- Records provided
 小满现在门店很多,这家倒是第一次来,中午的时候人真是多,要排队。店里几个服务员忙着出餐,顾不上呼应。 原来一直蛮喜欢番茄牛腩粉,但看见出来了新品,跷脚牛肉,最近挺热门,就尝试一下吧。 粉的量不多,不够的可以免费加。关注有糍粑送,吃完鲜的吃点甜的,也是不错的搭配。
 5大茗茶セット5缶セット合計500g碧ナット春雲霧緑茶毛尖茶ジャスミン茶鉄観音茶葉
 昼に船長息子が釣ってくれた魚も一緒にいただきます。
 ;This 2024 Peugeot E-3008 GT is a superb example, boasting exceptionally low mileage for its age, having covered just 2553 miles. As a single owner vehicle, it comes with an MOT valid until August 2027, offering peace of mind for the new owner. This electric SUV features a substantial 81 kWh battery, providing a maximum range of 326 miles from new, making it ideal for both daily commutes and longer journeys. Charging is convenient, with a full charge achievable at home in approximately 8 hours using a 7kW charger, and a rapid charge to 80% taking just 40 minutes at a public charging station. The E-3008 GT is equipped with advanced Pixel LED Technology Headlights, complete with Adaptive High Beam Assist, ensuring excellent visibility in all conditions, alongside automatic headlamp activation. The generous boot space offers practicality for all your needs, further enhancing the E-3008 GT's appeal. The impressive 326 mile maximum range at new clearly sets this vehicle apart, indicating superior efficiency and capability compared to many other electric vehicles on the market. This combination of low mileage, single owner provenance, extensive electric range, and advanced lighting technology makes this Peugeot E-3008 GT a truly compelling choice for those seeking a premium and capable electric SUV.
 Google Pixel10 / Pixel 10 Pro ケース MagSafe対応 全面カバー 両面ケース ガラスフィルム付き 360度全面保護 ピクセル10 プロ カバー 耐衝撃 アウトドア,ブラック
--
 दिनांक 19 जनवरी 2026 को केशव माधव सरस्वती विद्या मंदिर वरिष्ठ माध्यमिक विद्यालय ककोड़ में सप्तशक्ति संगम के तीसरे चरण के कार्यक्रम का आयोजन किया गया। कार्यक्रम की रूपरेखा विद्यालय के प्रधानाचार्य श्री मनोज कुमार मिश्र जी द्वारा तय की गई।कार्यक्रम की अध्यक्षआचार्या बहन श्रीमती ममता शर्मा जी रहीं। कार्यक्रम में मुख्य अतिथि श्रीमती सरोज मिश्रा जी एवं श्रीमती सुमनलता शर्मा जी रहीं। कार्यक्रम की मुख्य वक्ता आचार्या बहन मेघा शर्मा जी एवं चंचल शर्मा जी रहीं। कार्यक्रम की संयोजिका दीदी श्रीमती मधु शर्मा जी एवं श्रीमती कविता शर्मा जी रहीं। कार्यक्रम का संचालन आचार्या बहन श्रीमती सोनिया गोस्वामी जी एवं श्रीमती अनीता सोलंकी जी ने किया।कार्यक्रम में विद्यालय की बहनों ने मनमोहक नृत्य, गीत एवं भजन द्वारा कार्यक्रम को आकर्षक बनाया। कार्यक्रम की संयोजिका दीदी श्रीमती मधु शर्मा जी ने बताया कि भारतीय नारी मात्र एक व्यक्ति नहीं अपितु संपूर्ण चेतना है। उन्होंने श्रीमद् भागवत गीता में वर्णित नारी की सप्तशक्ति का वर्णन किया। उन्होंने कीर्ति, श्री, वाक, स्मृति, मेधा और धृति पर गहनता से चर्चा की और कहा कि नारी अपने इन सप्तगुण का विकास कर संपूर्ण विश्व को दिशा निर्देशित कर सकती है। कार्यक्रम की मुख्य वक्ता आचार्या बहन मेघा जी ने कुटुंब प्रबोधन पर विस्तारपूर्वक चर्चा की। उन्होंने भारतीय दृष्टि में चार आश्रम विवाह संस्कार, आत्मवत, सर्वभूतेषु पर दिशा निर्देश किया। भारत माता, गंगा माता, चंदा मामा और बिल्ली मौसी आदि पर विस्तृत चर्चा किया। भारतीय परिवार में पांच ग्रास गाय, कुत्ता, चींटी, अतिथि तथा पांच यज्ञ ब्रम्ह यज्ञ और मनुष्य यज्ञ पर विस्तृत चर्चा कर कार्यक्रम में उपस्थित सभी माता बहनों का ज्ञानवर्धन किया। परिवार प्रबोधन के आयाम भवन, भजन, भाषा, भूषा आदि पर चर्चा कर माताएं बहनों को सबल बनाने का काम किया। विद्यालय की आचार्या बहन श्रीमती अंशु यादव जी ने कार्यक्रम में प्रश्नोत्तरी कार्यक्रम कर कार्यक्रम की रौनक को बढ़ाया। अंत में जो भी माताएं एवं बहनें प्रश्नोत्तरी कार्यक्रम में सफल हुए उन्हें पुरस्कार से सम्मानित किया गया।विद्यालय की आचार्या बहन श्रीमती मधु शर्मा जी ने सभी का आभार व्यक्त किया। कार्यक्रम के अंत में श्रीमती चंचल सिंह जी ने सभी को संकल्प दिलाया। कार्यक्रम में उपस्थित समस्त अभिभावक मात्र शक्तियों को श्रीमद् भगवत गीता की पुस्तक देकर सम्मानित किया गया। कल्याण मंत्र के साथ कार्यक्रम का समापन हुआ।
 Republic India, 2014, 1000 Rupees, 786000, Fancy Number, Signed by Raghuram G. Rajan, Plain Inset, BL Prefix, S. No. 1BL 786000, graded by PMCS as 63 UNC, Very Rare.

- Your goal
With the line holding "capable electric SUV." as the first and the line holding "Google Pixel10 /" as the last, set down that range of the entries above exactly, and nothing else.

- Output of the exercise
 ;This 2024 Peugeot E-3008 GT is a superb example, boasting exceptionally low mileage for its age, having covered just 2553 miles. As a single owner vehicle, it comes with an MOT valid until August 2027, offering peace of mind for the new owner. This electric SUV features a substantial 81 kWh battery, providing a maximum range of 326 miles from new, making it ideal for both daily commutes and longer journeys. Charging is convenient, with a full charge achievable at home in approximately 8 hours using a 7kW charger, and a rapid charge to 80% taking just 40 minutes at a public charging station. The E-3008 GT is equipped with advanced Pixel LED Technology Headlights, complete with Adaptive High Beam Assist, ensuring excellent visibility in all conditions, alongside automatic headlamp activation. The generous boot space offers practicality for all your needs, further enhancing the E-3008 GT's appeal. The impressive 326 mile maximum range at new clearly sets this vehicle apart, indicating superior efficiency and capability compared to many other electric vehicles on the market. This combination of low mileage, single owner provenance, extensive electric range, and advanced lighting technology makes this Peugeot E-3008 GT a truly compelling choice for those seeking a premium and capable electric SUV.
 Google Pixel10 / Pixel 10 Pro ケース MagSafe対応 全面カバー 両面ケース ガラスフィルム付き 360度全面保護 ピクセル10 プロ カバー 耐衝撃 アウトドア,ブラック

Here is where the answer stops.